How much independent variation is there really/what would the equivalent randomized experiment look like?

In my last blog post, I mentioned how Roth et al. (2022) discuss the classic example of DiD analysis of a minimum wage change in New Jersey vs Pennsylvania, where there are N=2 states. I found all three papers also a bit unclear in thinking about the policy changes from a design-based perspective, which has implications for inference. For example:

·       In the Bleemer et al. (2022) paper, the effective randomized experiment here would seem to be one which randomly chose whether to have affirmative action for one or zero of the two groups (Blacks and Hispanics, vs Whites and Asians). The policy is a state-wide policy change, and so this seems like the NJ/PA minimum wage case.

·       In the Cantoni and Pons (2021) paper, 11 out of the 50 states get treated. But they are mostly Republican-led states, and it does not seem like we should think of this as a situation where 11 out of 50 states get randomly chosen to have strict ID rules – it is unclear whether we should think of small groupings of states (e.g. the South/the Midwest/etc.)  or should think of this as something that only might plausibly be implemented in a subset of the states (those that aren’t heavily Democratic), or how we should think of this.

·       In the Cameron et al. (2021) paper, the authors survey in 17 worksites from their 3 districts, and so bootstrap standard errors among these 17 worksites. But the effective level of policy implementation here is at the district level, and there are only 3 districts, so it seems the equivalent randomized experiment is instead choosing  1 out of 3 districts.

Thus in all cases, it seems like we have to rely heavily on the functional form assumptions coming from correctly specified parallel trends, and like Roth et al. (2022) suggest, then be concerned about shocks at the level of effective policy decision-making as violations of this assumption, that should be addressed through methods that examine robustness to parallel trends. But again, this is an area where I think there is a lack of clarity in current discussion of DiD, and more advice is needed, and authors need to be more explicit about what they are assuming here.

Authors

David McKenzie

Lead Economist, Development Research Group, World Bank

Join the Conversation

An economist who uses DD
January 26, 2022

Hi David,

Thanks for this thoughtful and thought-provoking blog post. Two questions:

1) You say that "Thus in all cases, it seems like we have to rely heavily on the functional form assumptions coming from correctly specified parallel trends"

I didn't follow this part. Could you expand/clarify why from the examples you gave, it follows that identification relies on functional form assumptions? Isn't that pretty much always the cases in DD that use observational data (like in the three examples above)?

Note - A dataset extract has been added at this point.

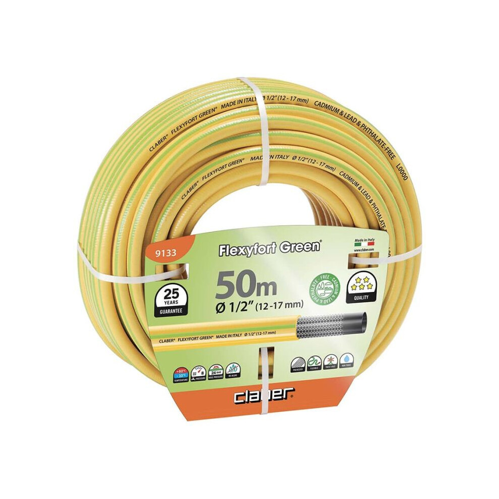 This suction hose is a perfect tool for domestic waterworks, water filters, garden pumps and other water management systems. The garden hose is made of high-quality PVC, which is durable. The water ho more→se is also equipped with a foot valve and a strainer to prevent the entry of larger debris. Colour: Green Material: PVC, brass Length: 15 m Hose inner diameter: 1" (25 mm) Hose outer diameter: 1.1" (29 mm) Hose wall thickness: 2 mm Weight: 3605 g Threaded connection: 1" Working pressure: 6 bar Operating temperature: between -5°C and 60°C Burst pressure: 18 bar (at 20°C)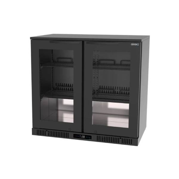 Airex Two Glass Door, 196Lt Undercounter Back Bar Fridge. Finished in Black. (10A)

2) Do you have any examples of a paper that (i) Uses a DD strategy on observational data, and (ii) provides a thoughtful discussion of the two points you mention? (i.e., why parallel trends should hold (identification) and how much independent variation there is in the data (inference)).

Thanks!

January 26, 2022

Thanks, I was looking for a recent example that did this very well, and in my (admittedly quick) search, did not come across anything. One of the comments I received on twitter pointed to Gentzkow (2006) (https://web.stanford.edu/~gentzkow/research/tv_turnout.pdf). It does do a good job on discussing explicitly some of the threats to identification: e.g. "Although the panel design controls for both cross-sectional differences correlated with the timing of television’s introduction and common changes over time, the results could still be biased if there were negative shocks to information or voting that hit the largest and richest cities in the mid-1940s, medium-sized cities in the late-1940s, and small cities and rural areas in the early-1950s. One way to address this issue is to make use of observable
county characteristics."...(read to see what he does). He does not do so well on the inference discussion - standard errors are clustered by county, but tv markets are much bigger.